[Stored items from a collection]
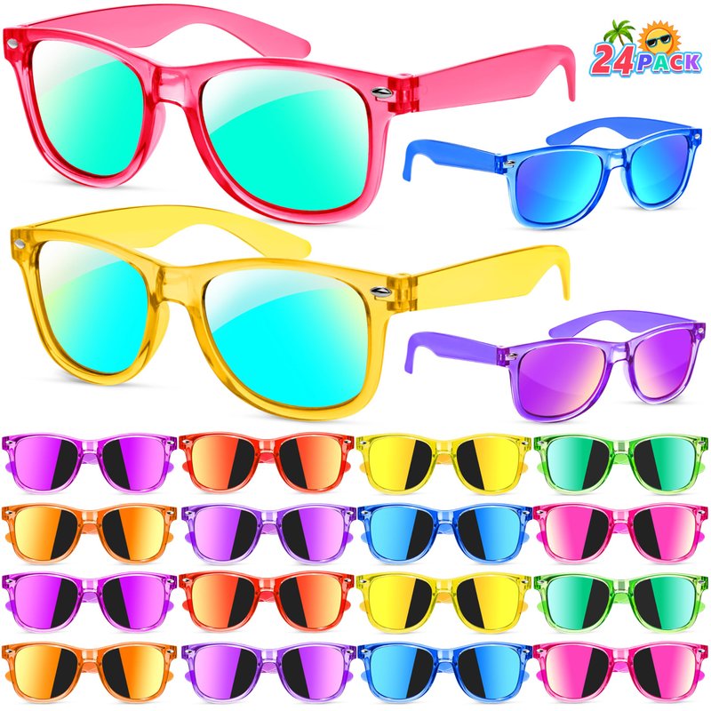 - 【Children's Favorite Summer Color Design 】The color is specially designed for children. Our kids sunglasses party supplies come in multiple summer colors. Boys and girls can both find their favorite color in this kids sunglasses party favors. Not one can say no to these cute summer pool and beach party favors. The translucent frame also makes the glasses look like jelly.
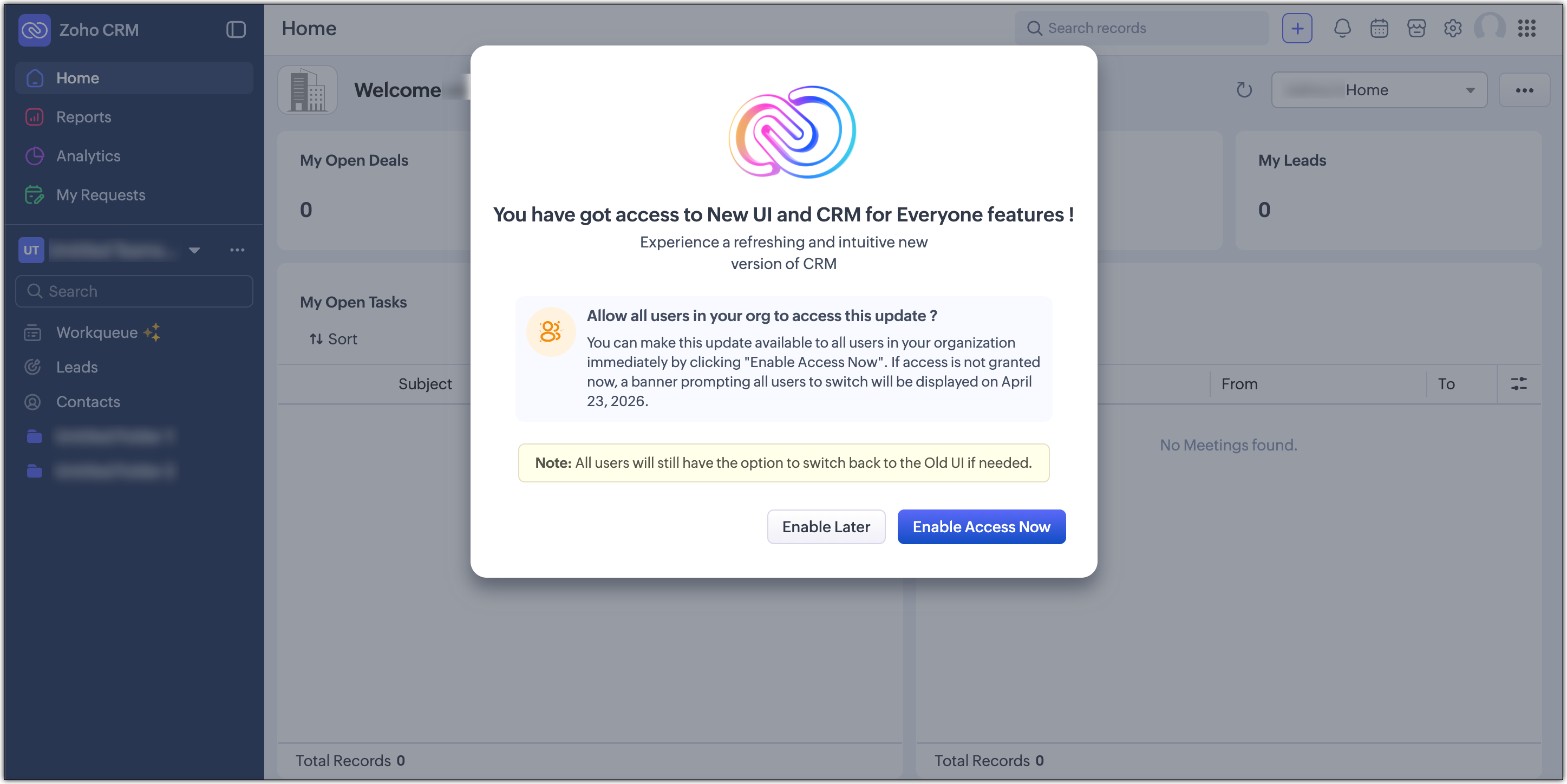50ユーザーを超える大規模な組織については、まず管理者に新しいUIを試すバナーを表示し、組織内の全ユーザーに対してZoho CRM For Everyoneを今すぐ有効にするか、後で有効にするかを選択できるようにします。
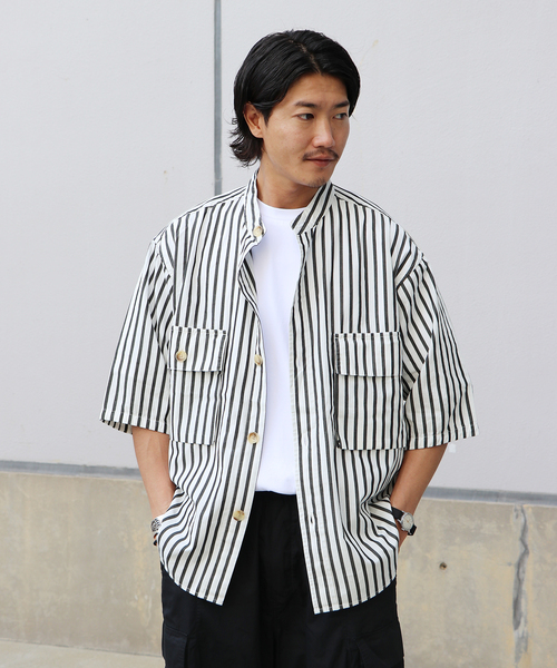 トレンドのワッシャー加工を施したスタンドカラーシャツ。ワークのディテールながらさわやかなストライプでクリーンなイメージに。オーバーサイズで羽織りやすいサイズ感です。**********************裏地:なし伸縮性:なし光沢感:なし生地の厚さ:普通**********************※取り扱いについては、商品についている品質表示でご確認ください。
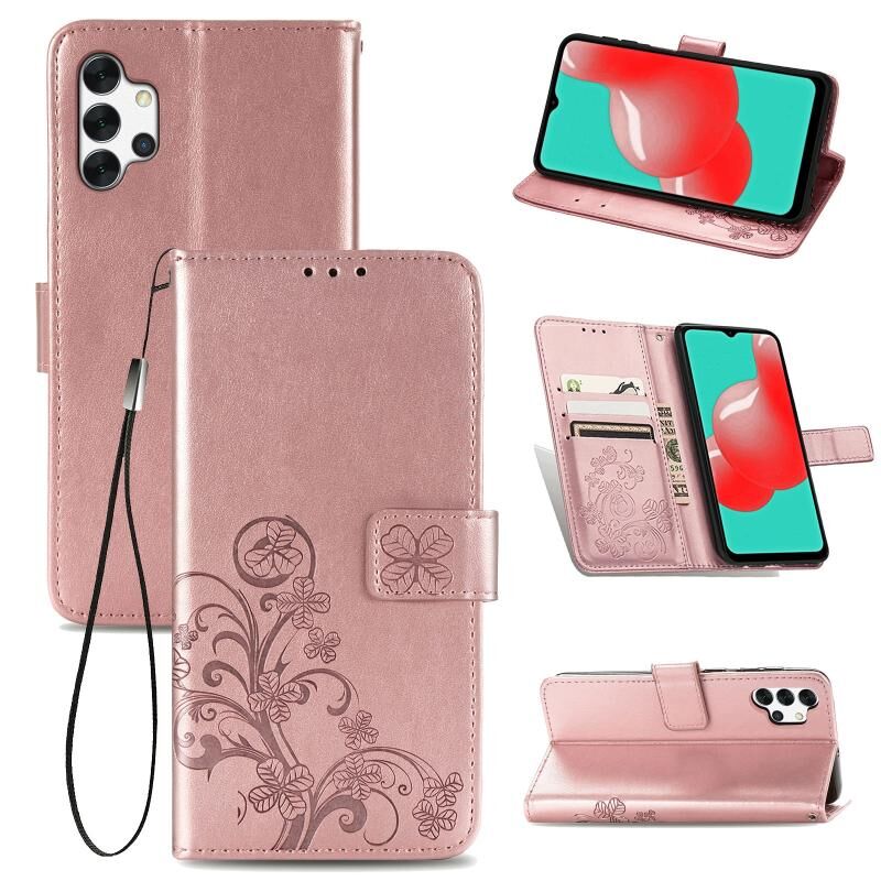 Για Samsung Galaxy A32 4G Four-leaf Clasp ανάγλυφη αγκράφα Κινητό τηλέφωνο προστασία δερμάτινη θήκη με κορδόνι & υποδοχή για κάρτες & πορτοφόλι & βραχίονα λειτουργία (Rose Gold)
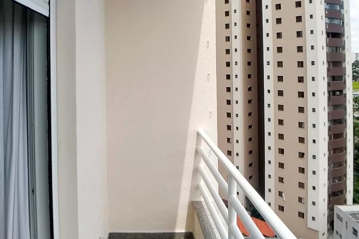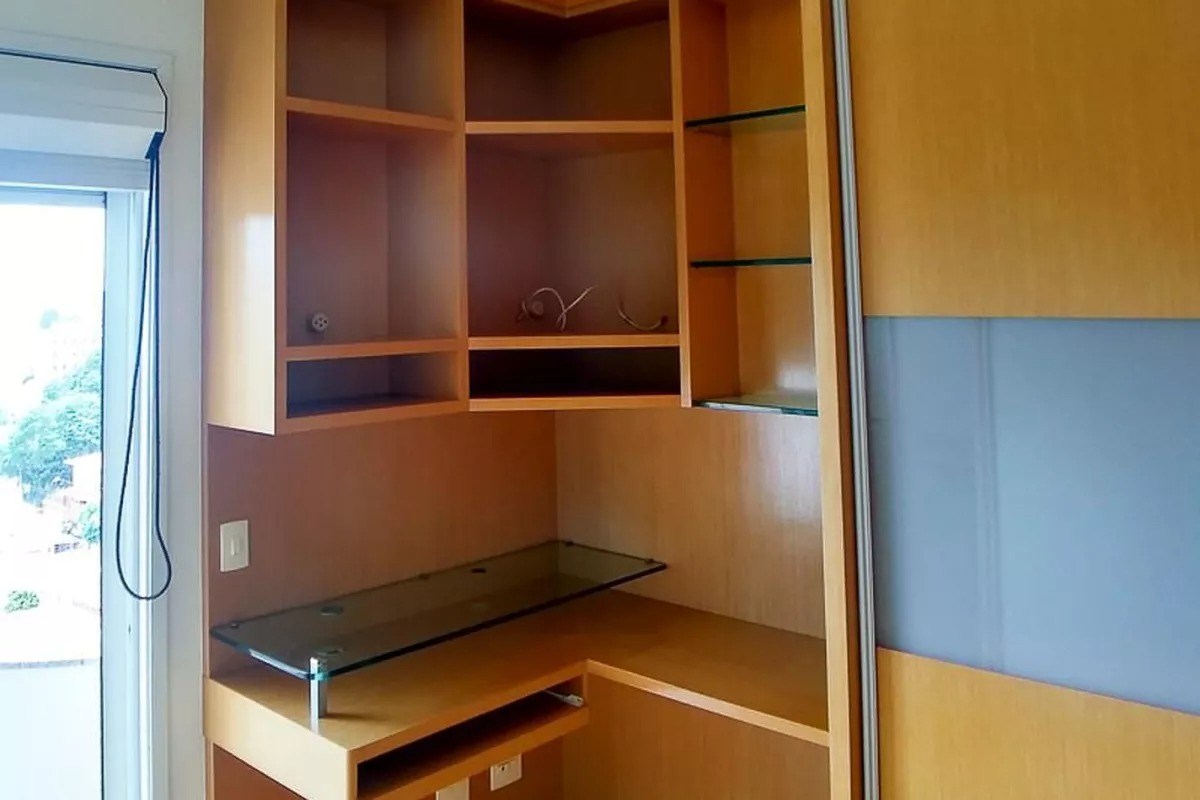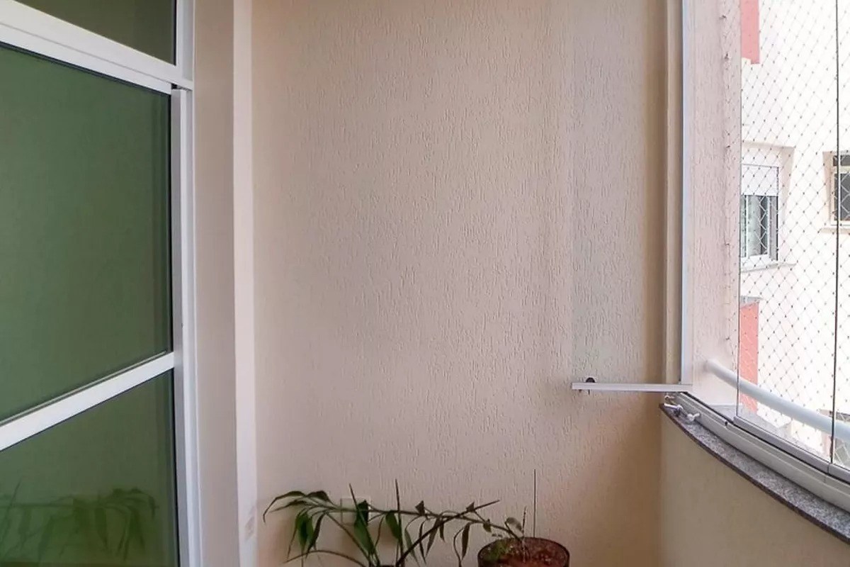 Varanda com fechamente em vidro e telas de proteção.
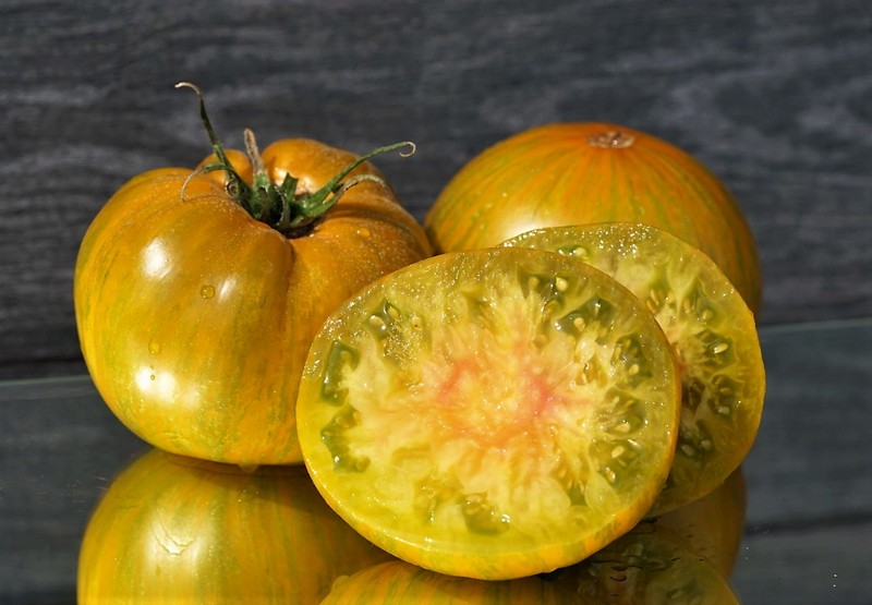 Индет, до 2,0 м. Среднеспелый.  Плоды плоскоокруглые. Окраска полосатая. Зелено-желтые снаружи. Масса от 200 до 300 г. Мякоть многоцветная. Вкус сладкий с нежной кислинкой. Плодоношение растянутое, до заморозков. Сорт устойчив к основным заболеваниям томатов.

* **Try it**
Taking the records above, print only and exactly the lines from the line with "CRM For Everyoneを今すぐ有効にするか、後で有効にするかを選択できるようにします。" to the line with "トレンドのワッシャー加工を施", both kept, and exclude pictures.

* **Task solution**
50ユーザーを超える大規模な組織については、まず管理者に新しいUIを試すバナーを表示し、組織内の全ユーザーに対してZoho CRM For Everyoneを今すぐ有効にするか、後で有効にするかを選択できるようにします。
 トレンドのワッシャー加工を施したスタンドカラーシャツ。ワークのディテールながらさわやかなストライプでクリーンなイメージに。オーバーサイズで羽織りやすいサイズ感です。**********************裏地:なし伸縮性:なし光沢感:なし生地の厚さ:普通**********************※取り扱いについては、商品についている品質表示でご確認ください。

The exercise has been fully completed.